Залесхофф смотрел загадочно.
— Кто убил Захса? — не унимался Кентон.
Русские обменялись многозначительными взглядами. Залесхофф пожал плечами:
— Кто его знает…
— Ладно, — раздраженно бросил Кентон, — пока это опустим. Есть еще информация, которая вас интересует? — с изрядной долей иронии произнес он.
У него вдруг сильно заболела голова.
— Пожалуй, мистер Кентон, — мурлыкнул Залесхофф. — Еще всего два вопроса.
— А именно?
— Мне удалось подслушать через окно конец вашей беседы с Саридзой перед тем, как вас увели в подвал. Скажите, мистер Кентон, почему вы отказались отдать фотографии и спасти тем самым свою жизнь? Что заставило вас сказать «нет» и выносить издевательства этого садиста Майлера?
Кентон усмехнулся.
— Видите ли, Залесхофф, — начал он, — мой отец был ирландцем, а мама — француженкой. И я с удивлением обнаружил, что унаследовал от родителей два странных качества — упрямство и крайнее отвращение к насилию.
Русский взглянул на сестру.
— Ты поняла, Тамара? Я ведь рассказывал тебе, что они с ним вытворяли.
Девушка кивнула. Брат снова обратился к Кентону.
— Последний вопрос, — сказал он. — Где можно найти эти фотографии?
Кентон судорожно пытался сообразить. Судя по всему, Залесхофф слышал не весь его разговор с полковником и ничего не знал о кафе «Шван».
— Так вы и вправду не знаете?
Залесхофф медленно покачал головой. И Кентон почти физически ощутил исходящую от него враждебность, которой было отмечено самое начало их разговора.
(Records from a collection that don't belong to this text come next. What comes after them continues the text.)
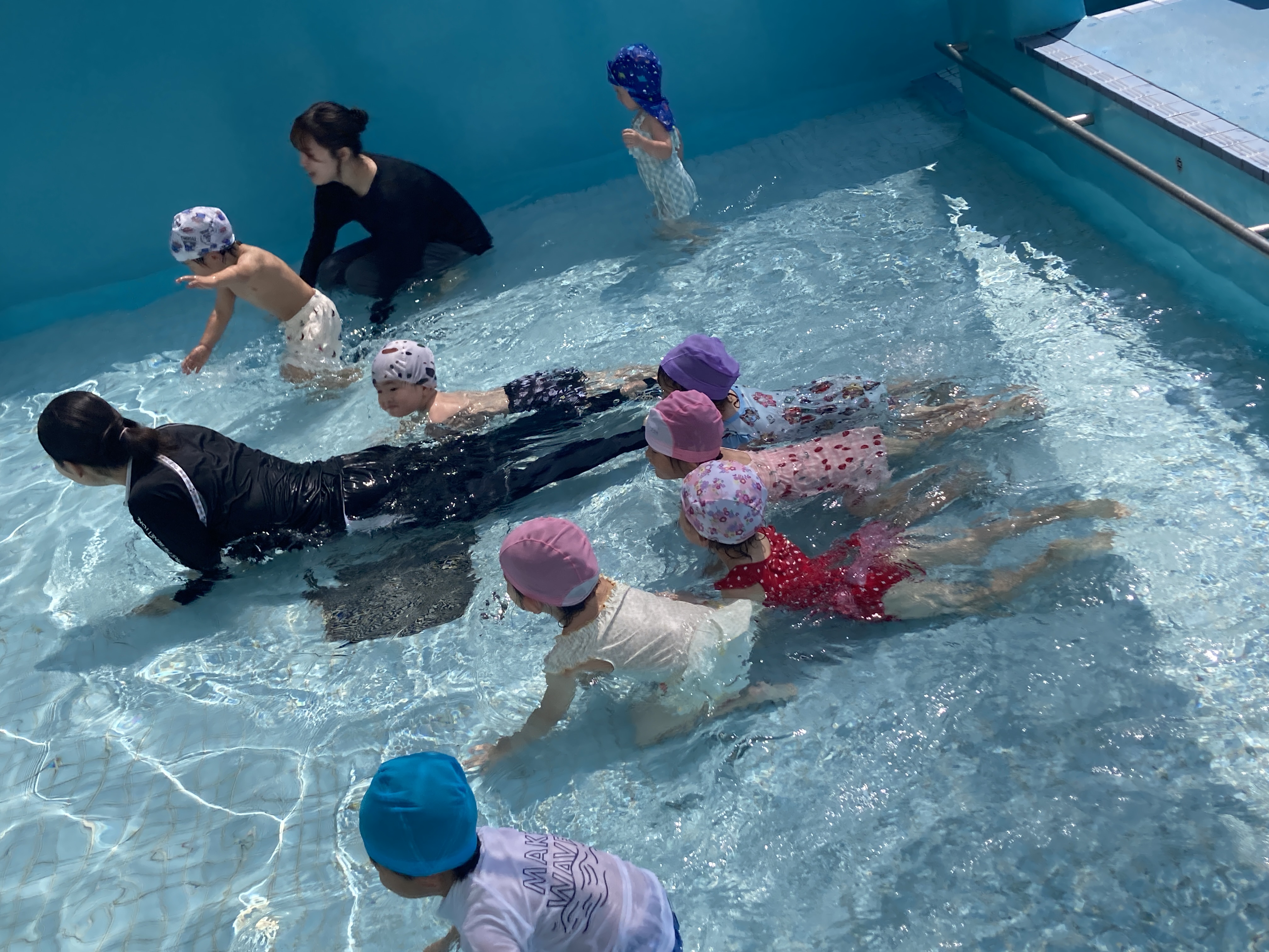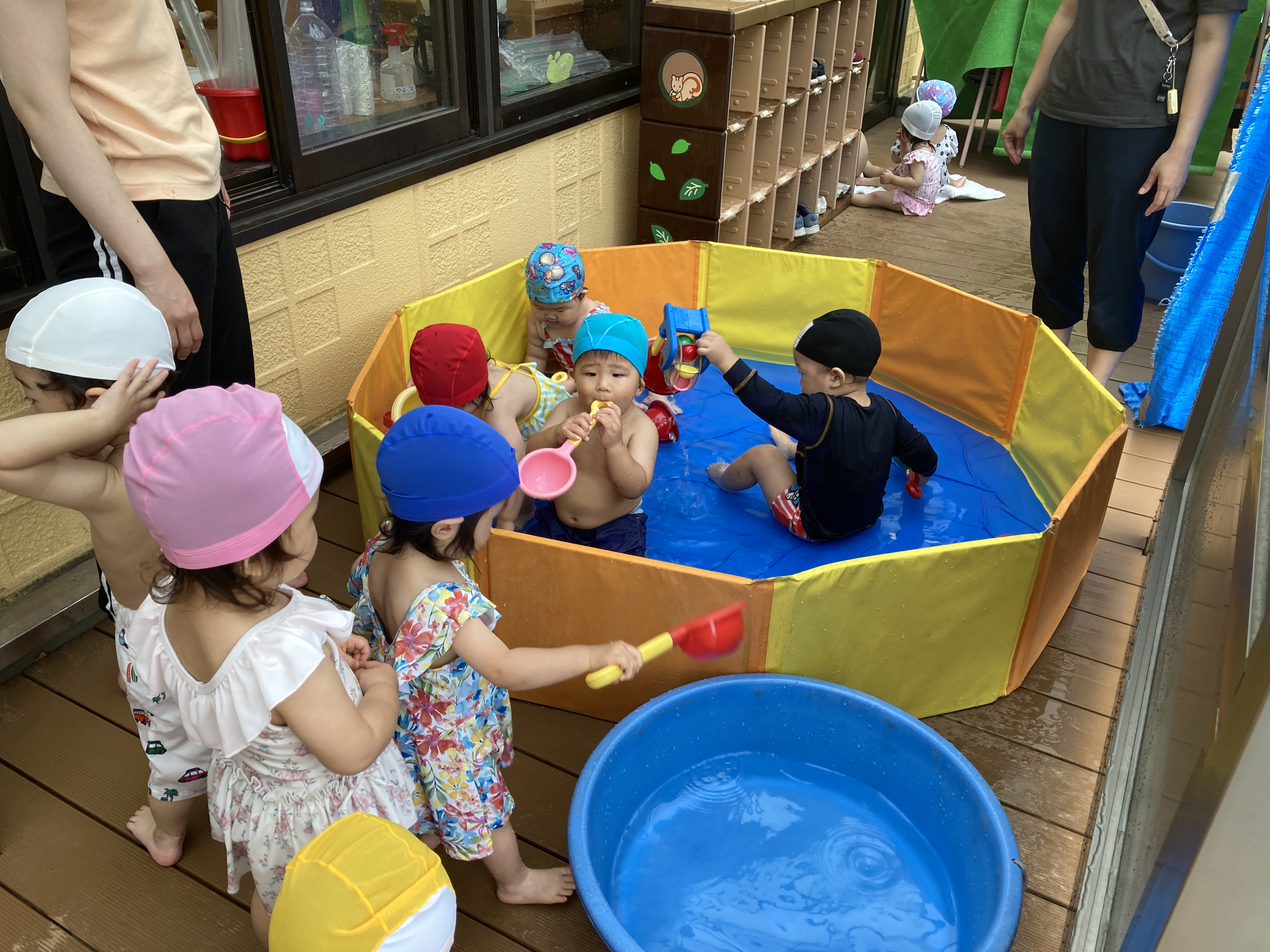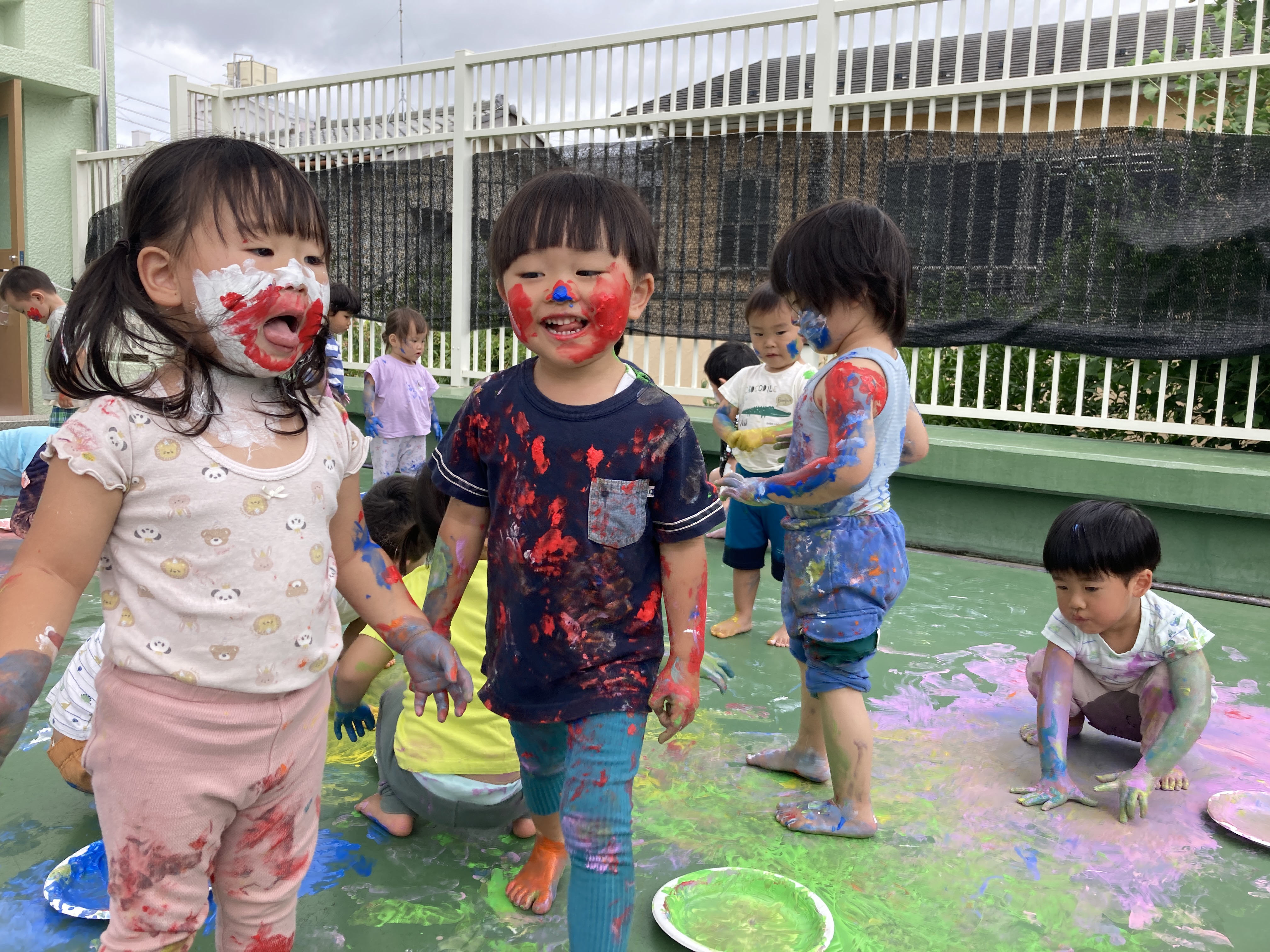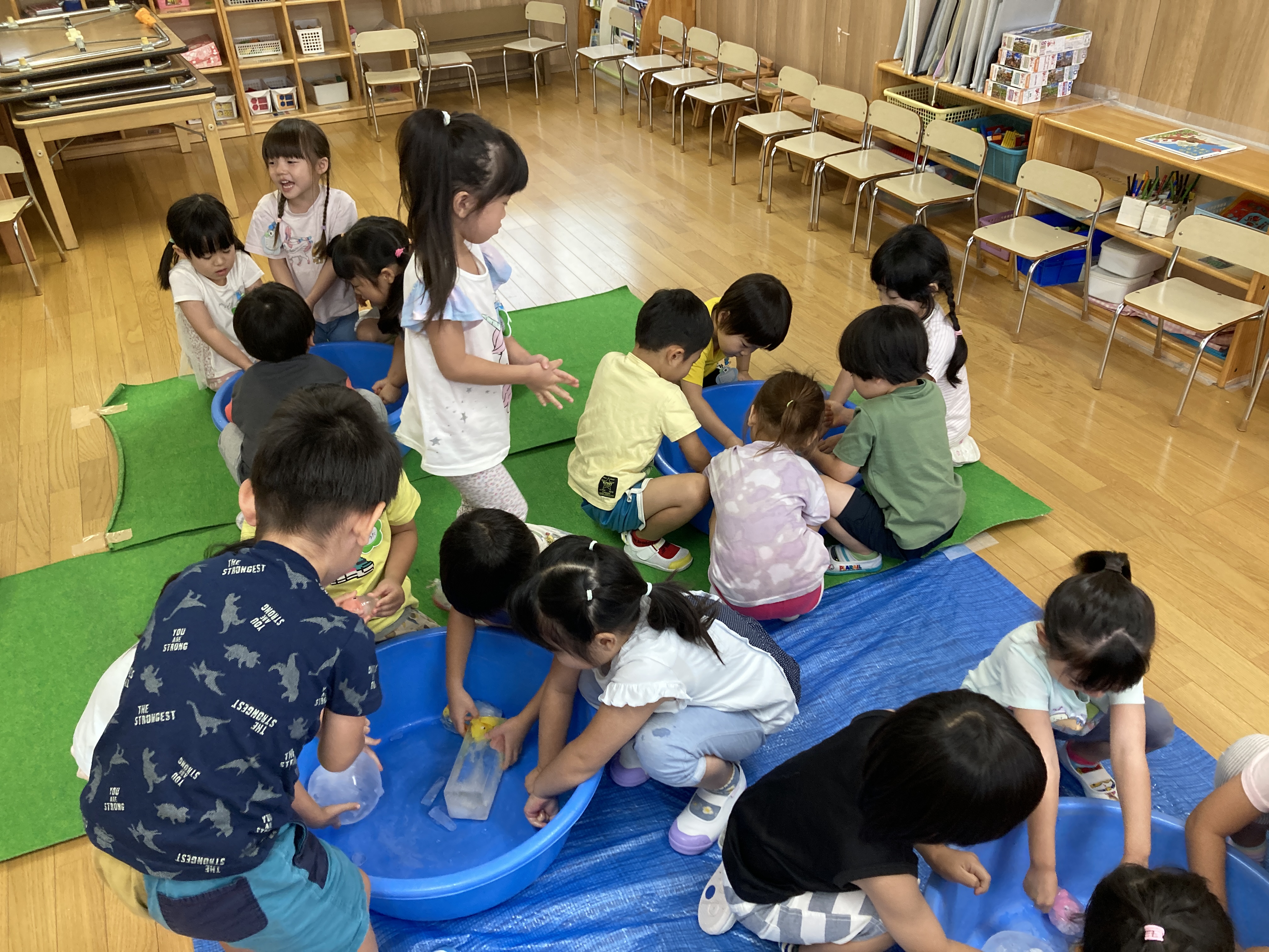 夏には、園庭に大きなテントを出し、水あそびや泡あそび等したり、テラスやプールでも遊びました。
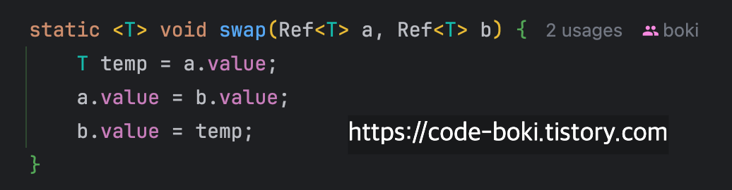 이 swap 함수는 일반적이다. 그럼 이 함수를 호출하는 부분을 상상해보자..
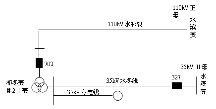 07—13 因祁冬變#2主變702C相流變漏油停電消缺處理, #2主變將由35kV水冬線轉(zhuǎn)供,調(diào)度發(fā)令合環(huán)調(diào)電操作,環(huán)路簡圖見圖一,7時(shí)28分,合上220kV水濱變水冬327開關(guān)(合環(huán)),合環(huán)運(yùn)行4分鐘后,即7時(shí)32分8.94秒祁冬變110kV線路備自投閉鎖,7時(shí)32分9.02秒主電源祁水712開關(guān)跳閘,跳主電源的同時(shí),聯(lián)切與地區(qū)電廠聯(lián)絡(luò)的聯(lián)絡(luò)線之一祁電389線,該聯(lián)絡(luò)線當(dāng)時(shí)運(yùn)行方式為空充線路,另一聯(lián)絡(luò)線冬電386線因開關(guān)跳閘線圈燒毀拒跳,未能實(shí)現(xiàn)聯(lián)切,也因此避免了地區(qū)電廠與系統(tǒng)解列事故發(fā)生,電廠出力12MW,跳閘前備自投動(dòng)作燈未亮,缺少備自投動(dòng)作信息,7時(shí)32分9.88秒備用電源祁長716開關(guān)合閘。7時(shí)32分10.88秒備自投放電。查歷史電流、電壓曲線,動(dòng)作前即
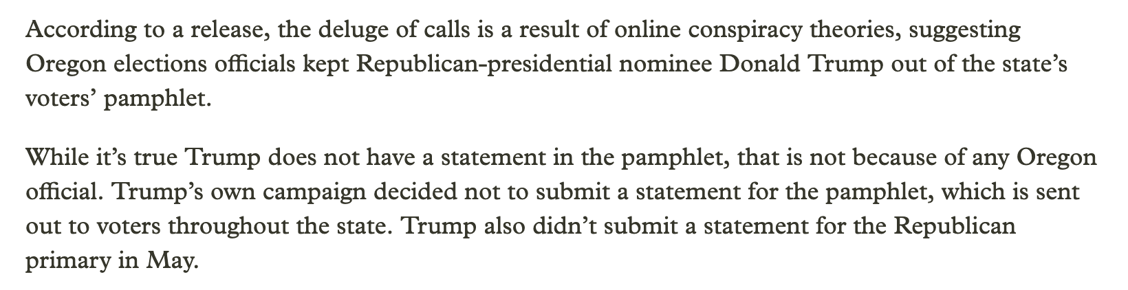 "content": "*sigh*\n\nThe Trump campaign decided not to put an item in the Oregon voter's pamphlet, which started a rumor that election officials had *prevented* Trump from being listed there, which caused a bunch of jerks to call and complain 😠\n\n\"Oregon elections phone lines closed after a flood of conspiracy calls\"\n\nhttps://www.opb.org/article/2024/10/17/oregon-elections-phone-lines-closed-after-a-flood-of-conspiracy-calls/\n\n\"the office received around 400 calls … Many of those calls were abusive, she said, while some were explicitly threatening.\"\n\n#USPol #Oregon #Election2024\nhttps://assets.disabled.social/media_attachments/files/113/342/294/883/735/833/original/f4ad75bd351c727e.png\n",
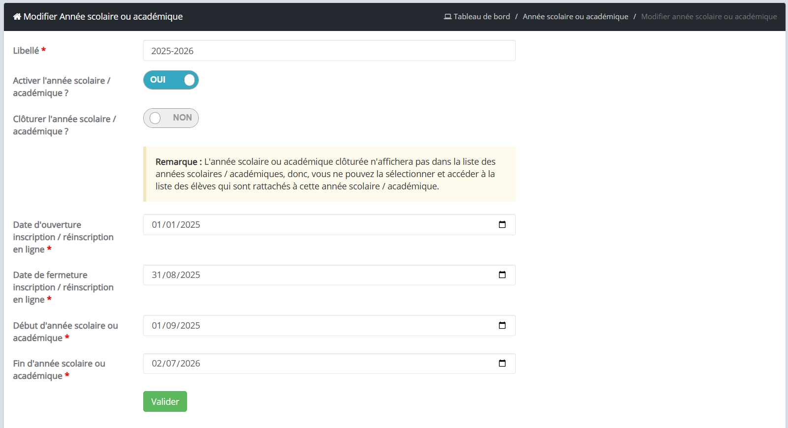 État : permet d’activer ou désactiver l'année scolaire. Une rentrée désactivée ne sera pas visible dans la liste des années.

— В таком случае, монсеньор Залесхофф, — ответил он, — я собираюсь поторговаться с вами.
— Вот как?
— Да. За последние двадцать четыре часа со мной произошло множество крайне неприятных событий. Хотелось бы как-то компенсировать все это.
Губы русского сжались в тонкую полоску, челюсть агрессивно выдвинулась вперед.
— Сколько? — тихо спросил он.
Кентон изобразил крайнее изумление.
— Господи, нет, не деньги! Вот уже в третий раз мне предлагают подкуп за пачку каких-то совершенно неинтересных снимков. Я был о вас более высокого мнения, монсеньор, — с упреком добавил он.